Jim and Sylvia Tupper
I started running again after years of lay-off with the intention of re-grounding. I wanted comfort and familiarity in my doubly altered, parentless world. Running, I knew, had a history of making me feel better. Quickly and predictably. I needed that, and the activity itself brought me unexpectedly back around to my Dad.
With Dad, we all watched him struggle to regain normalcy after an unexpectedly extensive 5-way heart bypass surgery in October 2011. His recovery was ragged at best, in and out of nursing homes and the hospital numerous times with post-surgical complications.
I remember him struggling to lift weights and trying to walk even a half-mile on the treadmill, certain that if he could do that, he would recover. He linked his very survival to being able to get back into motion, something that became nearly impossible when he had to go on oxygen. He hated that he could not breath on his own, and fought that hard and directly. He had us all convinced he would win the battle, as none of us kids or his grandkids thought he would ever die. At least not then. He wasn’t ready and neither were we.

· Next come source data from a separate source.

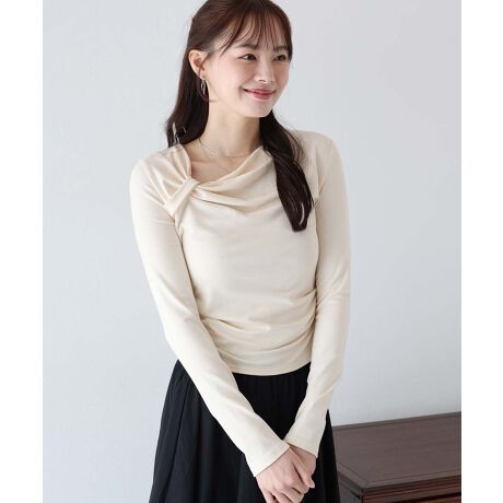 流れるようなドレープ感たっぷりのネックラインが上品なカットソー。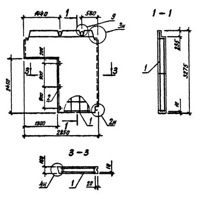 2ПВГ 29.33.13-1Т-ПВ Панели внутренние Г-образные.
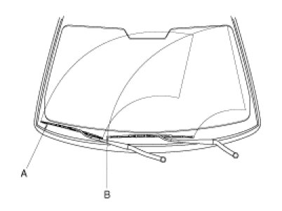 1. Remove the windshield wiper arm and blade after removing the mounting nut (A).

But that’s not what happened. His heart and lungs continued to fail, and by Christmas Day of 2011, he was back in the hospital. After two miserable nights, he took himself off breathing apparatus, a choice we all knew would end his life. He spent his last day on earth surrounded by loved ones.
As I ran this anniversary day, I got that running to celebrate Dad was also a celebration of my life. I knew he would approve of my activity choice, despite all the challenges, and I rose to meet them, step after step, just as he did for his whole life. Thanks for a great run, Dad!
Pardon the scandalous photo of Dad…but it so captures him. This was after a swim in the pool at home, Kari and I dressed up to go somewhere. What a guy!